On 2016 Jul 27, Duke RNA Biology Journal Club commented:

This is a summary of a journal club discussion:

This is one of four articles using similar imaging techniques to study translation in living cells published at the same time. These publications add to the growing number of techniques used to image translation such as mature fluorescent proteins Yu J, 2006, TRICK Halstead JM, 2015, and RNA-binding protein/mRNA co-fluorescence Wu B, 2015. The technique presented in this article is similar to the last except that it uses Suntag to image the nascent chain and PP7 aptamers on the mRNA. The colocalization of the two represents active translation in polysomes.

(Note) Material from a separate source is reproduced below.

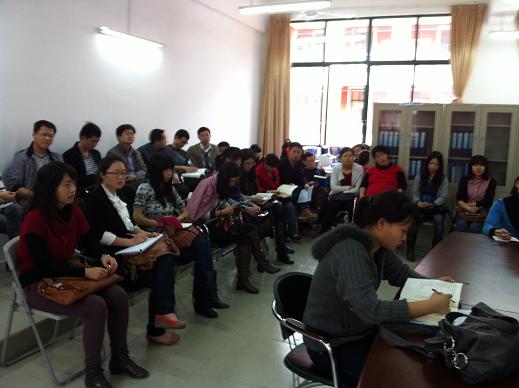 学工助理黄国富老师对学生工作的管理作了一点补充,他指出陈玉川院长要求辅导员能让学生做到:第一,遵纪守法;第二,防止事故发生;第三,保证自身安全。他谈到作为辅导员会督促学生按时上下课,尽量为老师授课提供一个良好的平台,同时也希望老师能够采取一些方法让课堂吸引住学生,例如:1.经常检查学生的到课率,可以数一下到课多少人,然后让班长列出未到课学生的名单交上来,对学生会有一定的威慑力;2.提前20分钟左右到教室,与先到教室的学生谈谈心,增进师生间的沟通与了解;3.上课时可以讲自己或导师、同事成才的励志故事,让学生产生仰慕感,激发他们的上进心;4.避免照本宣科,尽量采取灵活教学法,改进授课技巧,提升学生的听课兴趣。

The technique is novel because co-localization is detected as the protein is translated. This brings fluorescent V4-peptide antibodies into concentrated foci at a single point, and can thus be used to follow multiple rounds of translation. Because of this, only detection of the translated protein is needed and indeed, past the first figure, the mRNA fluorescence is not shown. Fast changes in translation can be detected as shown using the ATF4 ORF construct translational response to stress shown in Figure 4 with the possibility of extending the time of tracking to hours by anchoring the mRNA Yan X, 2016 or using fast 3D imaging techniques. One unusual observation the authors made was the vast heterogeneity of transcript translation within a single cell; at any given time only a subset of the transcripts undergo translation and translation rates may vary depending on as yet unknown factors. A related observation is the diffusion of polysomes within the cell: polysomes translating cytosolic transcripts have slower diffusion rates in the perinuclear region of the cell compared to the cytoplasm. This could be due to the restrictive architecture of a membranous area but the exact mechanism remains unknown. A second surprising observation indicates mRNAs that have begun translation and are associated with polysomes can be transported in dendrites, contrary to earlier reports Besse F, 2008. However, the authors cannot detect if translation is temporarily stalled during transport.

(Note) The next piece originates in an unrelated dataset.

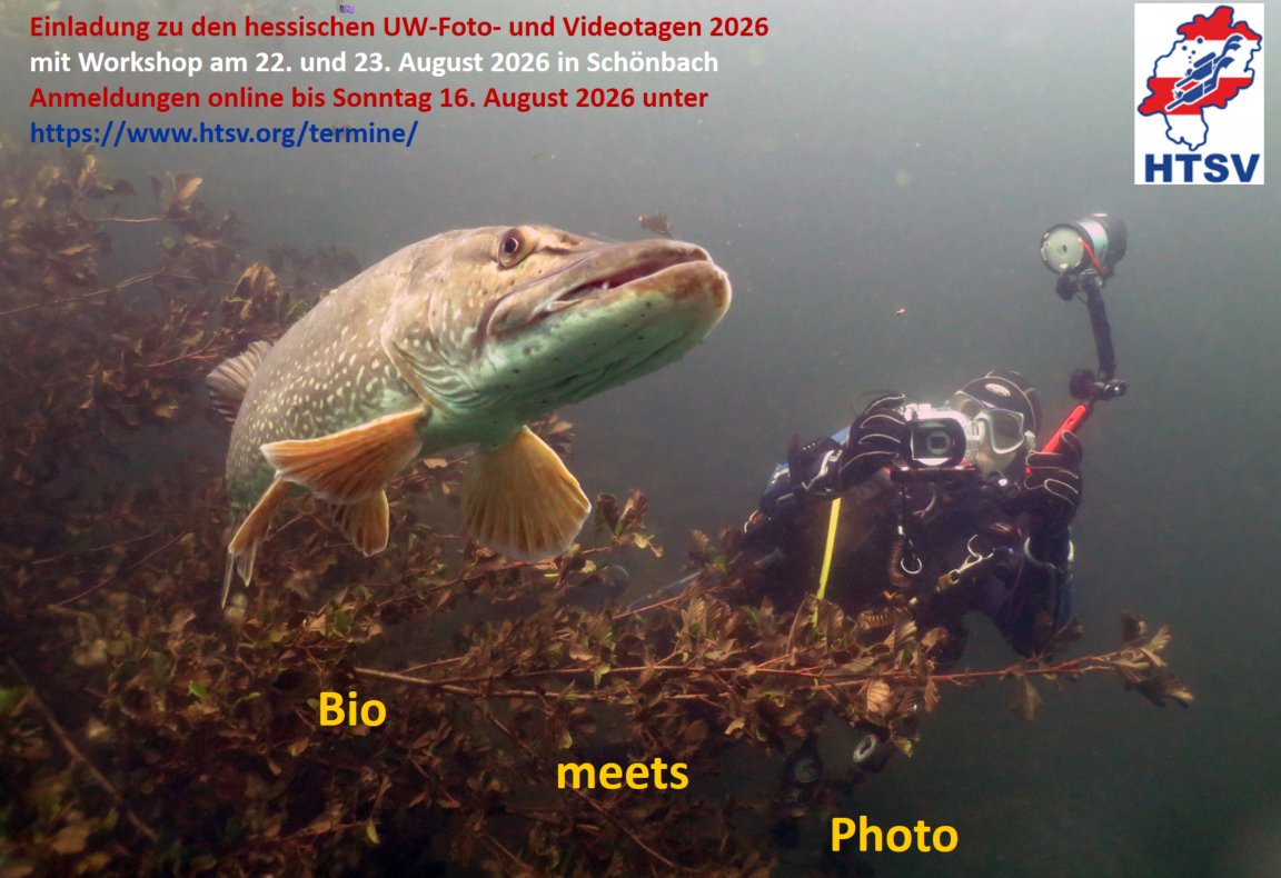 2020 finden die hessischen UW-Foto & Videotage in Schönbach am 15./16.08.2020 statt. Anmeldungen wie immer im HTSV Web.

While this technique makes substantial findings in the area of single transcript translation behavior, there are limitations. All in all, these images are dots that respond to translation inhibitors, meaning the resolution is not good enough to detect codon resolution and should be coupled with other techniques to verify observations and determine their mechanism. Additionally, since detection of the nascent chain wouldn’t be detected until the majority of the V4 peptides were translated, initiation would be overlooked; however, TRICK is an existing technique for studying the first round of translation.Our main criticism with this technique is the extensive construct engineering that must be performed which raises concerns over disturbing the mRNA and protein functions from both the PP7 aptamers, the Suntag peptides and an ornithine decarboxylase tag to facilitate rapid degradation of the protein. These engineering steps add over 2 kb to the original gene. Additionally, an antibody against the Suntag and a fluorescent PP7 coat protein must be expressed in the cytosol. While the constructs studied did not cause harm to the cell, each construct of interest must be tested individually. Along this line, while there is the possibility to multiplex by changing the aptamer loop or peptide-antibody combination, it would be difficult to multiplex above two individual transcripts. Thus large-scale studies involving individual translation dynamics of mRNA subsets would remain time consuming and technically challenging.

A quick comparison with the three other papers show agreements among all of them Iwasaki S, 2016 however, there is a great opportunity to learn by reading the papers to compare experimental approaches of three groups. We look forward to see what novel findings this technique uncovers as it becomes adopted in different laboratories.